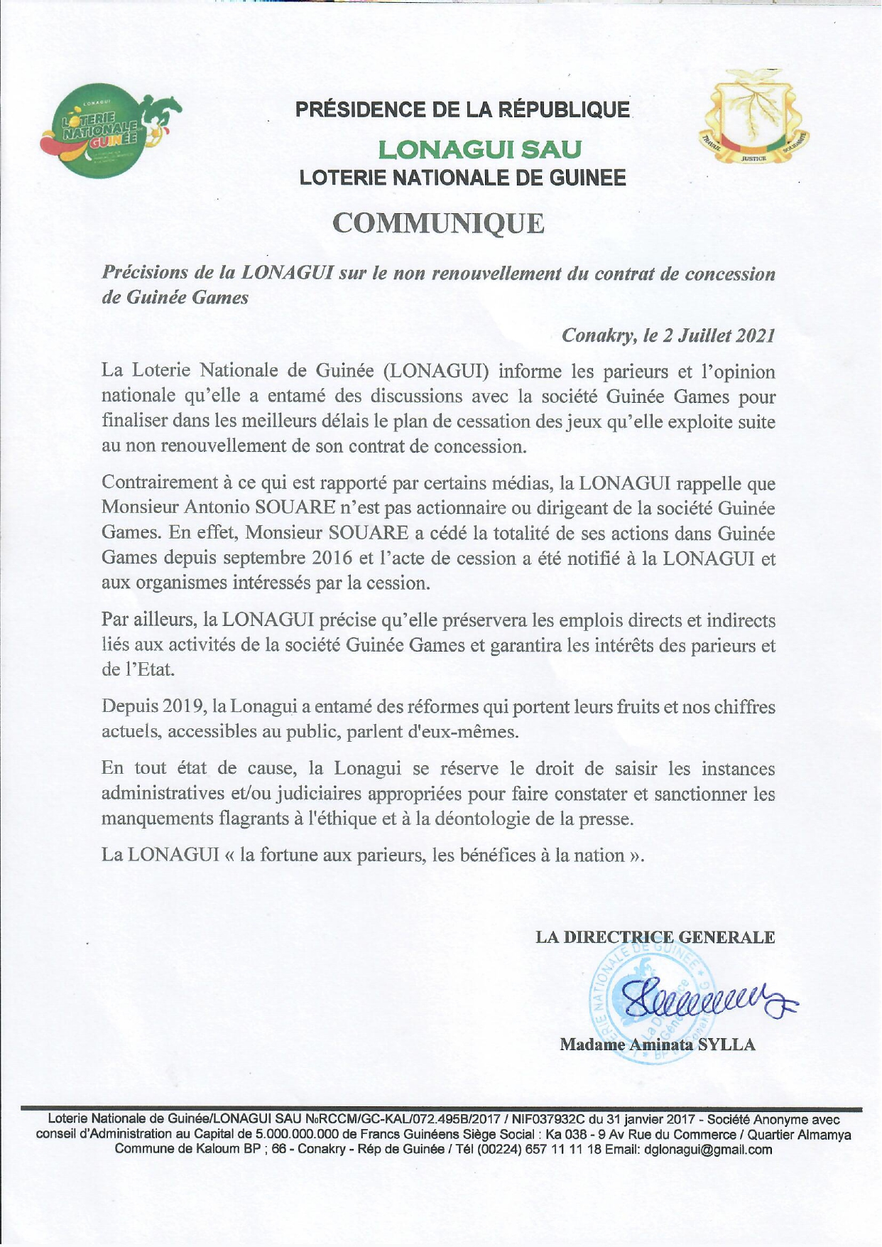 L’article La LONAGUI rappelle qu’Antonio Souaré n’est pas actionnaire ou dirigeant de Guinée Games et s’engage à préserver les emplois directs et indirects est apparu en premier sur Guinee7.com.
==
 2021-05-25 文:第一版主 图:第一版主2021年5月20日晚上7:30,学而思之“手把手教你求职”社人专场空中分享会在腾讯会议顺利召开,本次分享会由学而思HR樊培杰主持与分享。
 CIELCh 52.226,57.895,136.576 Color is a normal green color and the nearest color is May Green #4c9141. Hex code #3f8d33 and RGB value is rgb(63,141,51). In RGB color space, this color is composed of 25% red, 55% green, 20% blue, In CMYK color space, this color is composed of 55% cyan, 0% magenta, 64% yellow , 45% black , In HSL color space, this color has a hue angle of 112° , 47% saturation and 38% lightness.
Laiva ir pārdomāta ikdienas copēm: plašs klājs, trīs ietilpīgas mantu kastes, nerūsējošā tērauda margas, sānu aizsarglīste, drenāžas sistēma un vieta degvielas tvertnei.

### Exercise goal:
Your answer should consist of the lines from the line with "CIELCh 52.226,57.895,136.576 Color" to the line with "Laiva ir pārdomāta" above, repeated exactly, both ends included.

### Reply:
 CIELCh 52.226,57.895,136.576 Color is a normal green color and the nearest color is May Green #4c9141. Hex code #3f8d33 and RGB value is rgb(63,141,51). In RGB color space, this color is composed of 25% red, 55% green, 20% blue, In CMYK color space, this color is composed of 55% cyan, 0% magenta, 64% yellow , 45% black , In HSL color space, this color has a hue angle of 112° , 47% saturation and 38% lightness.
Laiva ir pārdomāta ikdienas copēm: plašs klājs, trīs ietilpīgas mantu kastes, nerūsējošā tērauda margas, sānu aizsarglīste, drenāžas sistēma un vieta degvielas tvertnei.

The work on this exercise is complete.